Excel Quick Reference

Task Method
Count blanks =COUNTBLANK(range)
Remove spaces =TRIM(cell)
Remove non-printable chars =CLEAN(cell)
Standardize case =LOWER(cell), =UPPER(cell), =PROPER(cell)
Replace values Ctrl+H (Find & Replace)
Highlight blanks Conditional Formatting > Blanks
Highlight duplicates Conditional Formatting > Duplicate Values
Remove duplicates Data > Remove Duplicates
Restrict future entries Data > Data Validation
Handle errors =IFERROR(formula, "")

Key Terms

Term Definition
Missing data (NA/NaN) Values absent from the dataset — blank cells, null values
MCAR Missing Completely at Random — missingness unrelated to any variable
MAR Missing at Random — missingness predictable from other observed variables
MNAR Missing Not at Random — missingness related to the missing value itself
Imputation Replacing missing values with estimated values
Data cleaning Detecting and correcting errors, inconsistencies, and quality issues
Data wrangling Transforming raw data into analysis-ready format (broader than cleaning)
Tidy data Each variable a column, each observation a row, each value a cell
Recoding Creating a new variable with different values or categories
Binning Dividing a continuous variable into discrete intervals
Feature engineering Creating new variables from existing ones
Data quality Accuracy, completeness, consistency, and fitness for purpose
Reproducibility Others can follow your steps and get the same results
Cleaning log Documentation of all data cleaning decisions and justifications
Sensitivity analysis Testing whether conclusions change under different cleaning choices

Common Pandas Pitfalls

Pitfall Wrong Right
Not saving result df['col'].fillna(0) df['col'] = df['col'].fillna(0)
Missing .str accessor df['col'].lower() df['col'].str.lower()
Modifying a view df_sub = df[mask] then modify df_sub = df[mask].copy() then modify
Replacing with spaces df['col'].replace('M','Male') Strip first: df['col'].str.strip().replace('M','Male')
NaN making ints float Fill then wonder why float df['col'].fillna(0).astype(int)

The One Thing to Remember

If you forget everything else from this chapter, remember this:

Every data cleaning decision is a judgment call that shapes your conclusions.
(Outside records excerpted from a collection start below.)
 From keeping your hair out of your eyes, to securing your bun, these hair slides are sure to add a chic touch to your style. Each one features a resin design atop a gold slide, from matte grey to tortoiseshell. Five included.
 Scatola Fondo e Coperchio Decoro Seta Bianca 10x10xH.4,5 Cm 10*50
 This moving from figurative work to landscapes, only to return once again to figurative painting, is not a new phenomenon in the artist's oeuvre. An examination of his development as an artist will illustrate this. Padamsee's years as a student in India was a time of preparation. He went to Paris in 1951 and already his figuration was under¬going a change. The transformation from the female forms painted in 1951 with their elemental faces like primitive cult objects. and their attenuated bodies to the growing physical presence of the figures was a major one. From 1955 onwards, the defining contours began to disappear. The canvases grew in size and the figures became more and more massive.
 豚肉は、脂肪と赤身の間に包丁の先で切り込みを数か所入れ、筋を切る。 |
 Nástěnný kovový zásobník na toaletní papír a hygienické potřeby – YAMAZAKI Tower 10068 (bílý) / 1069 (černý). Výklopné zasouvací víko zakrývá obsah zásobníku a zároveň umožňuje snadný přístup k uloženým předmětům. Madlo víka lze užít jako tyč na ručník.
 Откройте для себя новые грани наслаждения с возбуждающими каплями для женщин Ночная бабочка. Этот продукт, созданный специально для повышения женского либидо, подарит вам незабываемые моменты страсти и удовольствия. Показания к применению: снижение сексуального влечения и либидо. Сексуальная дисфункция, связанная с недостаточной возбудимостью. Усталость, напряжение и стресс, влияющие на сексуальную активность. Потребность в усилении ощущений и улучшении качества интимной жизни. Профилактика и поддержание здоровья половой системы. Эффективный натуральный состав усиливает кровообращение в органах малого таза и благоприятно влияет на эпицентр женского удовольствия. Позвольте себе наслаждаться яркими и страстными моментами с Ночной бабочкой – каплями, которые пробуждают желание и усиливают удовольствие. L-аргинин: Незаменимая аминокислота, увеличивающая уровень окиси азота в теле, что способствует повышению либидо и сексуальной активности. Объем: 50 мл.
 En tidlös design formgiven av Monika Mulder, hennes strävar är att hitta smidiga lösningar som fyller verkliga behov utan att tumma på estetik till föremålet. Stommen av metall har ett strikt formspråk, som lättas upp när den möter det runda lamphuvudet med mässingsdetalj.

There is no "neutral" cleaning — every choice to delete, impute, recode, or transform changes the data and the story it tells. The ethical move is to make your choices transparently, document them in a cleaning log, and test whether different choices would lead to different conclusions. Reproducibility isn't a luxury — it's the price of being trustworthy.